[What the task asks]:
Look in the listing below for the line that has "Heartina Kanten Jarretel", then return it and each following line up to and including the one with "VSport硕士生吴集星在EI收录期刊《International Journal of", exactly and without pictures.

-------- Stored data

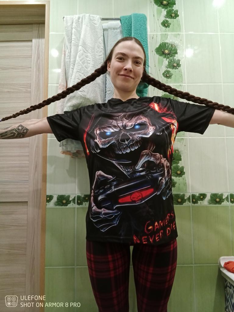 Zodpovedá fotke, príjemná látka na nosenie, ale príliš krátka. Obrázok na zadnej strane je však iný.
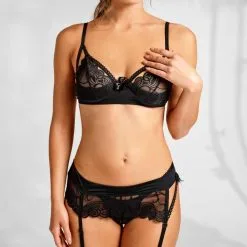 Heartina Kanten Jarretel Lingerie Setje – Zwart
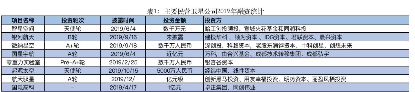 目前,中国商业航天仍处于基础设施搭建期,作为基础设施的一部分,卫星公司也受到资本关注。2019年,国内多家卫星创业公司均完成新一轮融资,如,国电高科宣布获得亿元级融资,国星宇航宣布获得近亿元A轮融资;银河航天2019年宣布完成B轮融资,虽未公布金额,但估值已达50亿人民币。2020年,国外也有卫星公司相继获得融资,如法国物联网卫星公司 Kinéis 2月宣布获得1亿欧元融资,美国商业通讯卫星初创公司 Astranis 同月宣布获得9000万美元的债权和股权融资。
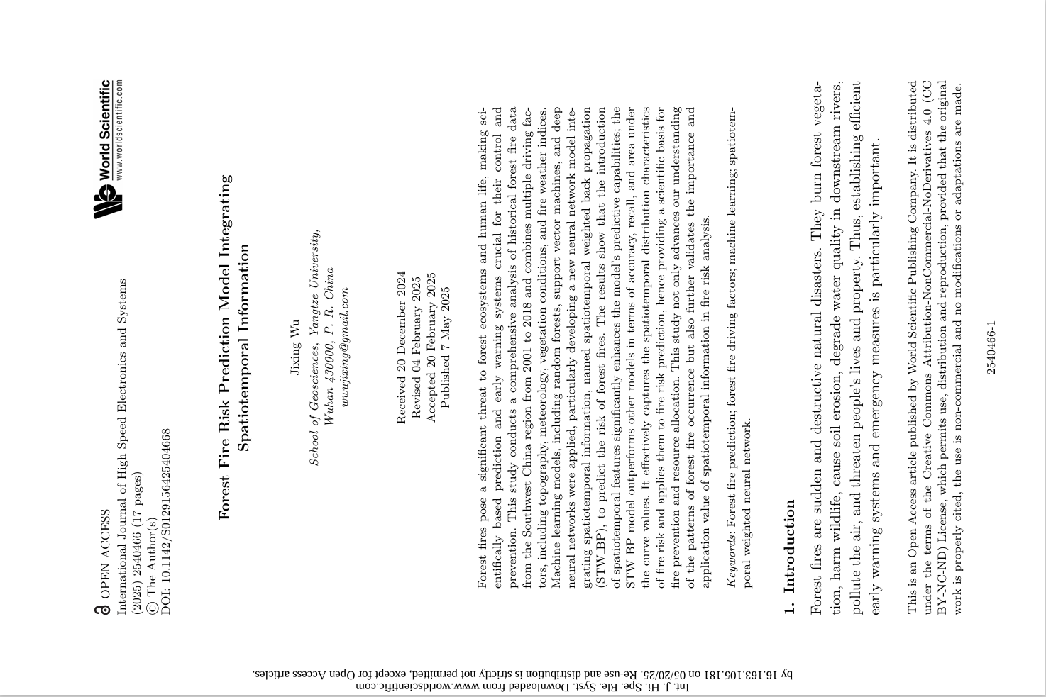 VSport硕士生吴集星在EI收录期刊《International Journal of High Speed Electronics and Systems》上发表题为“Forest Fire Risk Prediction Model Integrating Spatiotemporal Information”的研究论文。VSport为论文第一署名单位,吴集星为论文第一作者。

----------------
-------- Stored data

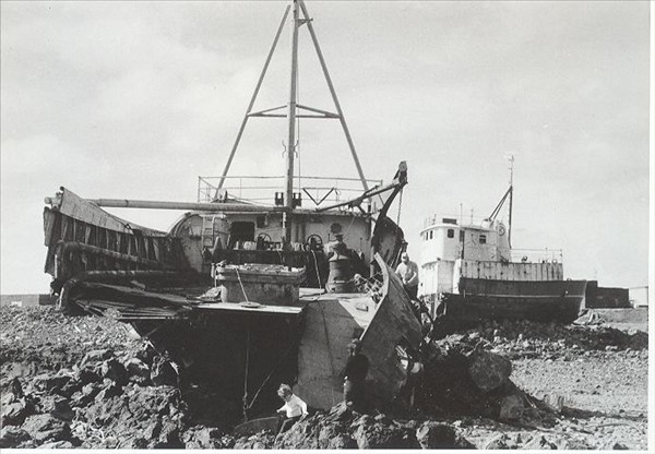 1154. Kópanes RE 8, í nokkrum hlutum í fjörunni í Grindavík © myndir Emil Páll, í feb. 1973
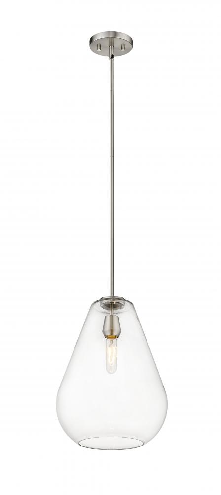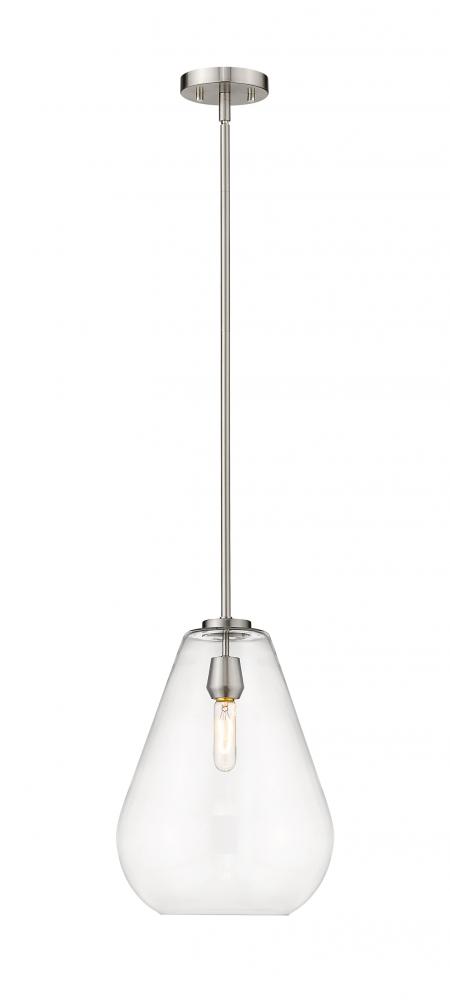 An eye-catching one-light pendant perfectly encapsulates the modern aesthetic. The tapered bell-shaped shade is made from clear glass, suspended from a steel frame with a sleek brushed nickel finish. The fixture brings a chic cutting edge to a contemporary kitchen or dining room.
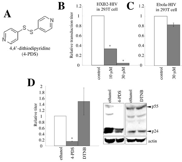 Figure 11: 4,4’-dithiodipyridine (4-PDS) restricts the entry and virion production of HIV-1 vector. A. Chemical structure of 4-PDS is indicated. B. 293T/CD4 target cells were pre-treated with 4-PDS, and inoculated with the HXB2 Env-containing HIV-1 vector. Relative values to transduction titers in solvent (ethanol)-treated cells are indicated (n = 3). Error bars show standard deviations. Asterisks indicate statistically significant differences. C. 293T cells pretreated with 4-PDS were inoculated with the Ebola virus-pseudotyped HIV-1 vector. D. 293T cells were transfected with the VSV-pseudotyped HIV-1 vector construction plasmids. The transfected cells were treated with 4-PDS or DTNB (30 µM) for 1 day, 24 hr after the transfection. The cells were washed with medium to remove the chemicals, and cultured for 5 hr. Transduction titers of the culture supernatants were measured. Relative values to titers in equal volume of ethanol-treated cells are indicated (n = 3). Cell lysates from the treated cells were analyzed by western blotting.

----------------
-------- Stored data

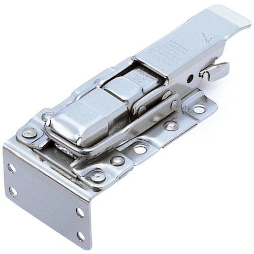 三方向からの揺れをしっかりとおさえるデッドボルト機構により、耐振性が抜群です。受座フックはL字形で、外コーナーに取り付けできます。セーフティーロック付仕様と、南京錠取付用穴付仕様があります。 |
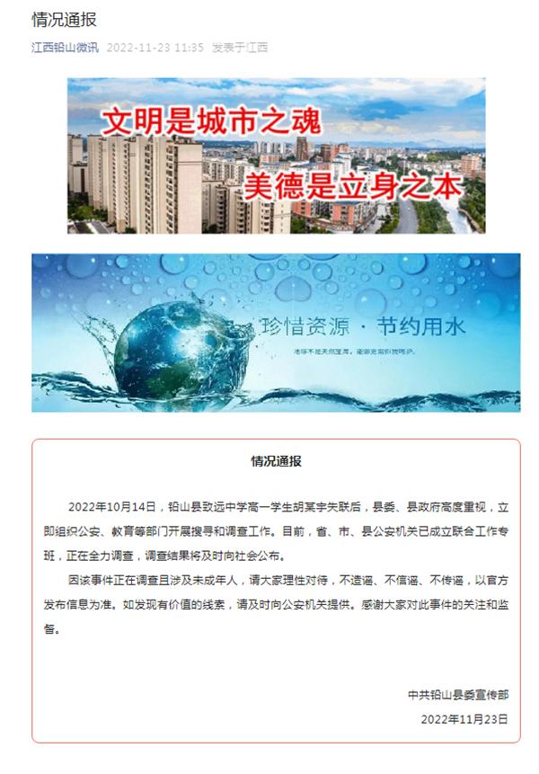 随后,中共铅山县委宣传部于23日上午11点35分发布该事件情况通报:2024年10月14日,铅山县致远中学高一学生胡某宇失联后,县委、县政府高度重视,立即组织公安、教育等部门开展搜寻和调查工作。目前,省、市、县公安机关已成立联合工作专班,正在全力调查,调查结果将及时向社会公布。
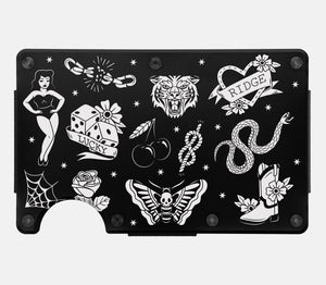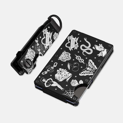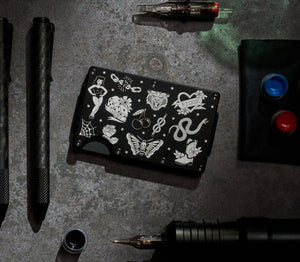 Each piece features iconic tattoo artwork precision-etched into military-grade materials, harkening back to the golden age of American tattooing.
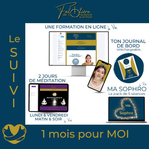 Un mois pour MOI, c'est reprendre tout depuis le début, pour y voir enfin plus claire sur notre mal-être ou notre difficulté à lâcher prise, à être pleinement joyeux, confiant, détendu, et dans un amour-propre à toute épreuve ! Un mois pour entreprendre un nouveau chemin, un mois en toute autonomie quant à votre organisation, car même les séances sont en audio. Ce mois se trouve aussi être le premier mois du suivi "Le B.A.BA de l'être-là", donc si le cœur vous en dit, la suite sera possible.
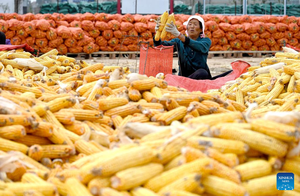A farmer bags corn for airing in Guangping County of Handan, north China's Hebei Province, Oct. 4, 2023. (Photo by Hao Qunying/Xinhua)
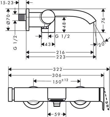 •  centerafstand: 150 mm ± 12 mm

----------------

[Result for this exercise]:
 Heartina Kanten Jarretel Lingerie Setje – Zwart
 目前,中国商业航天仍处于基础设施搭建期,作为基础设施的一部分,卫星公司也受到资本关注。2019年,国内多家卫星创业公司均完成新一轮融资,如,国电高科宣布获得亿元级融资,国星宇航宣布获得近亿元A轮融资;银河航天2019年宣布完成B轮融资,虽未公布金额,但估值已达50亿人民币。2020年,国外也有卫星公司相继获得融资,如法国物联网卫星公司 Kinéis 2月宣布获得1亿欧元融资,美国商业通讯卫星初创公司 Astranis 同月宣布获得9000万美元的债权和股权融资。
 VSport硕士生吴集星在EI收录期刊《International Journal of High Speed Electronics and Systems》上发表题为“Forest Fire Risk Prediction Model Integrating Spatiotemporal Information”的研究论文。VSport为论文第一署名单位,吴集星为论文第一作者。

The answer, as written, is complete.